Так, стоп! Лиза приказала себе отвлечься и хотя бы на время перестать думать обо всем этом. Сидевшая напротив нее пациентка продолжала что-то рассказывать, а сосредоточиться на ее словах никак не удавалось.
– Елизавета Андреевна! С моим малышом ведь все будет хорошо? Мне говорили, что вы – самый лучший доктор. Вы ведь не допустите, чтобы с ним что-то случилось?
Лиза перевела взгляд на лежащую перед ней историю болезни. Непростительный непрофессионализм. Что бы ни происходило в жизни, вести себя так с пациентками недопустимо. Тем более ей, если она реально рассчитывает чего-то здесь добиться.

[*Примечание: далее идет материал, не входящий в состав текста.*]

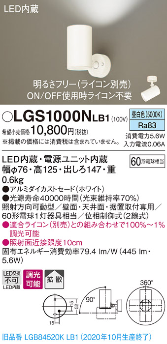 パナソニック LGS1000NLB1 スポットライト 天井直付型・壁直付型・据置取付型 LED(昼白色) 拡散タイプ 調光(ライコン別売) ホワイト
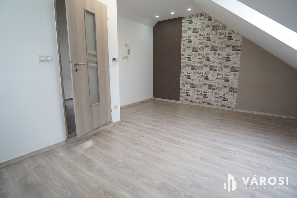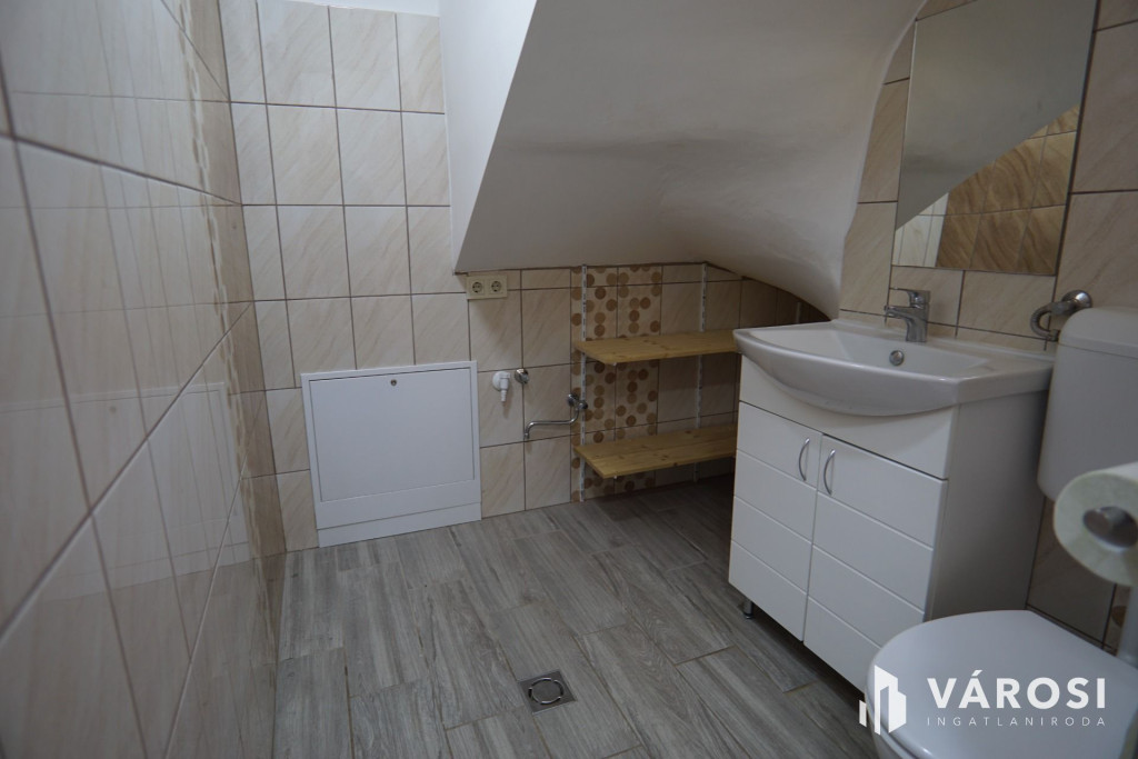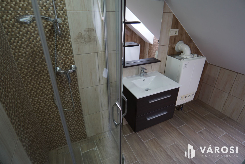 Tetőér: közlekedő, szoba, zuhanyzós fürdő mellékhelységgel együtt.
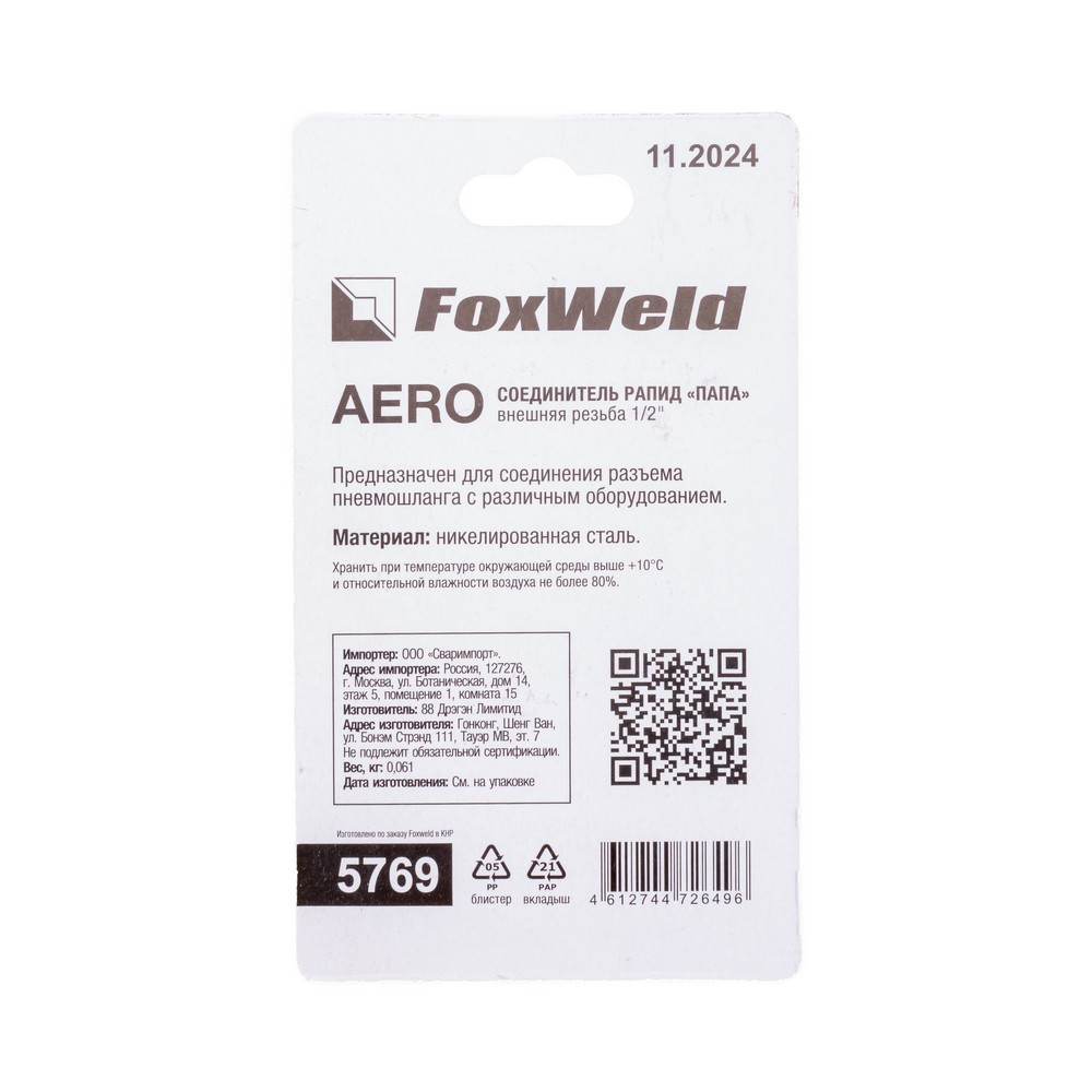 Соединитель Rapid M "Папа" - внешняя резьба 1/2" AERO в Уфе

– Все будет хорошо. Ваши анализы в порядке, завтра мы сделаем узи, чтобы удостовериться наверняка. Не беспокойтесь. Для вас сейчас самое важное – отдыхать и набираться сил. Соблюдать все рекомендации, и ни в коем случае не думать ни о чем плохом. Мы договорились?
Лицо женщины засияло, словно Лиза только что преподнесла ей самый невероятный подарок.

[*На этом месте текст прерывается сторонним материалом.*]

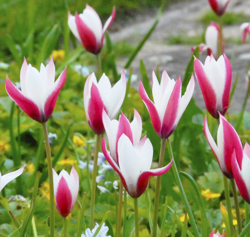Pointed petals are white inside with a dusty crimson-pink exterior edged with white. Looks like candy when closed in the morning, in the evening and on cloudy days. Opens wide in the sunshine to show a big white star with a royal purple base. One or two flowers per bulb. The species, native to the Himalayas, is called Lady Tulip.
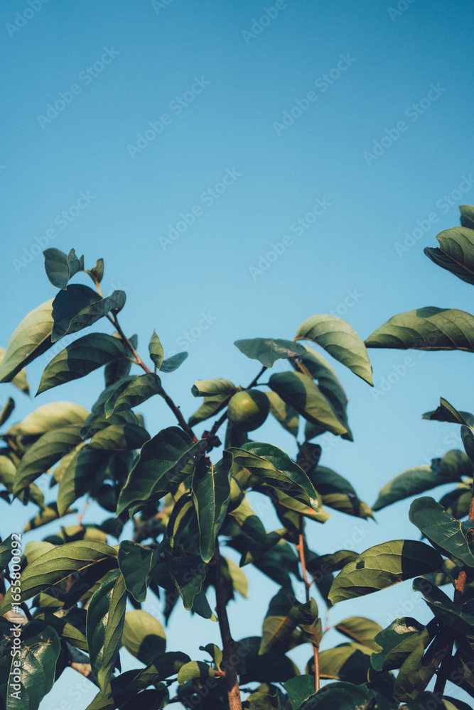 実が青い柿の木
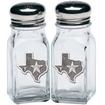 This is a set of salt & pepper shakers with a fine pewter logo medallion bonded to the side. Made in USA.
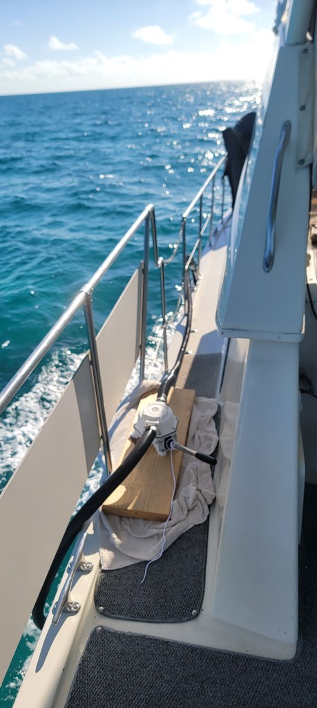 I bought a manual pump on Amazon, attached it to a 30 inch 2×10, clamped on a couple of hoses, and viola! Manual pump out. As we were traversing the beautiful turquoise waters of the Great Bahama Bank, I hooked the whole thing up to our waste tank and pumped that crap overboard. It worked like a charm. After flushing it, I stowed it away for the next time.
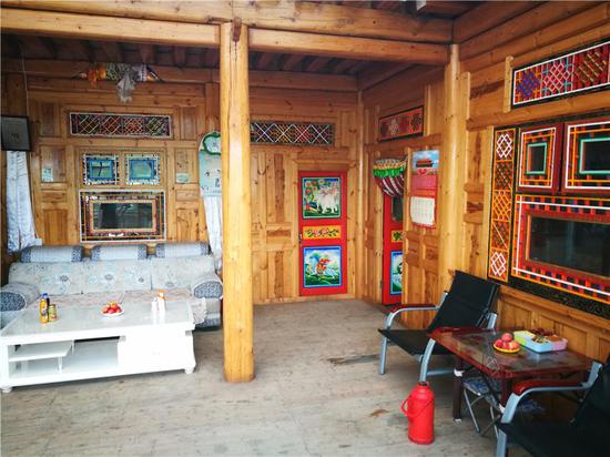 走進(jìn)安果村村民貢保杰布的家中,記者看到了非常干凈的藏式風(fēng)格民宿包間。貢保杰布今年50歲,妻子貢去乎吉與他同齡,有兩個(gè)兒子:貢保熱旦、貢保杰,4人都在家務(wù)農(nóng)。他家中共有耕地8畝,草場(chǎng)面積350畝,家中有23頭編雌牛。2018年,貢保杰布將自己的庭院打造成鄉(xiāng)村民宿,在旅游旺季,按照每間客房300元的收費(fèi)標(biāo)準(zhǔn),一年接待游客收入達(dá)到5000元左右。
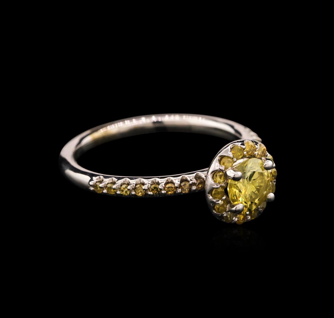 One ring featuring: 14KT white gold weighing 2.78 grams containing one yellow diamond center stone with a total weight of 0.63ct and 30 yellow side diamonds with a total weight of 0.29ct.
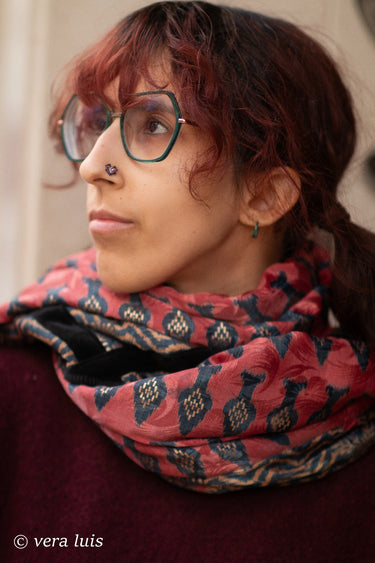 Este cachecol nasceu da fusão cuidadosa de diferentes tecidos, escolhidos uma um com intenção e carinho.

– Конечно. Я все сделаю! Спасибо вам, Елизавета Андреевна! Если у меня родится дочка, назову ее Лизонькой, в вашу честь!
Такая искренняя радость не могла не умилять, хотя Лиза и понимала прекрасно, что это несколько преждевременно. Надеялась, что у пациентки действительно не окажется серьезных проблем, но и расслабляться раньше времени было нельзя. И, тем более, нельзя отвлекаться. Слишком многое зависит от ее действий, чтобы поддаваться собственным переживаниям и позволять им мешать работе.
Потом потянулись другие дела, каждое не менее важное, и когда Лизе, наконец, удалось освободиться, большинство коллег уже разошлись по домам. А она понимала, что не сможет уйти, не разобравшись с тем, что продолжало бередить душу. Иначе грозит вторая бессонная ночь, теперь уже от угрызений совести.

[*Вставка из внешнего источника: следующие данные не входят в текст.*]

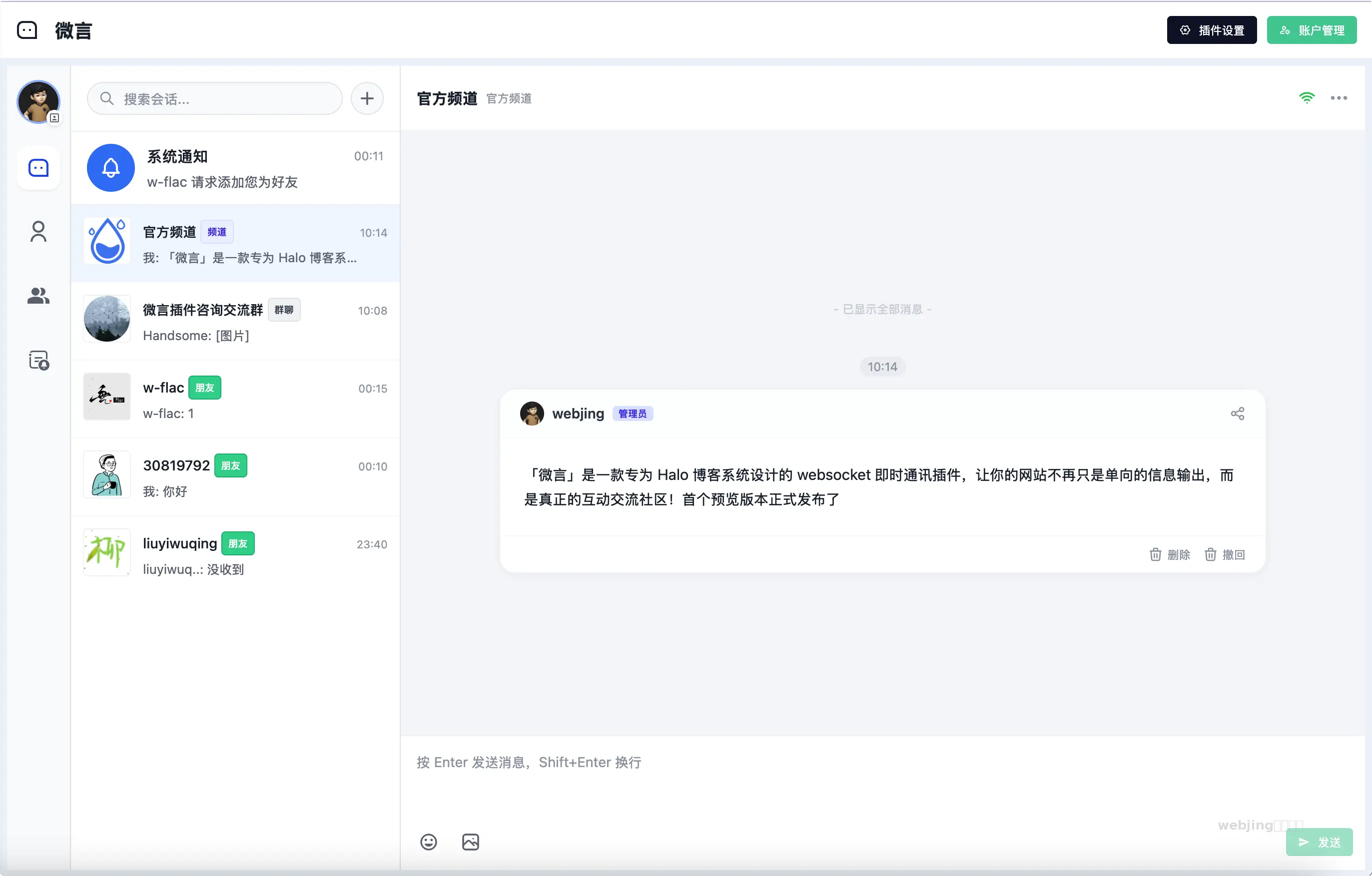 #实时通讯 #WebSocket #消息推送基于 WebSocket 的实时消息推送系统,支持私聊、群聊和频道多种通讯场景,消息秒达零延迟

Долго стояла перед кабинетом, ища повод, который позволил бы начать разговор. Что ей ему сказать? «Мне очень жаль, что я так повела себя»? «Я была неправа»? Кроме всей этой банальщины почему-то ничего не приходило в голову. Лиза злилась на себя, но ничего не могла поделать. Чувствовала себя, как студентка перед экзаменом, к которому не слишком-то и готова.
А когда дверь неожиданно распахнулась, и Павел появился на пороге, все мысли и вовсе покинули голову. Женщина просто стояла, не сводя с него глаз, отчаянно пытаясь хотя бы не выглядеть так глупо.
– Вы ко мне? – если он и был удивлен ее появлению, то абсолютно не показал вида. – Рабочий день закончился. Что-то случилось?
Лиза сделала глубокий вдох и кивнула. Хватит уже вести себя так по-детски глупо, наделала ошибок, так надо их исправлять, как бы трудно это ни было.
– Еще утром. Я пришла попросить прощения за свои слова.
Мужчина задумчиво кивнул.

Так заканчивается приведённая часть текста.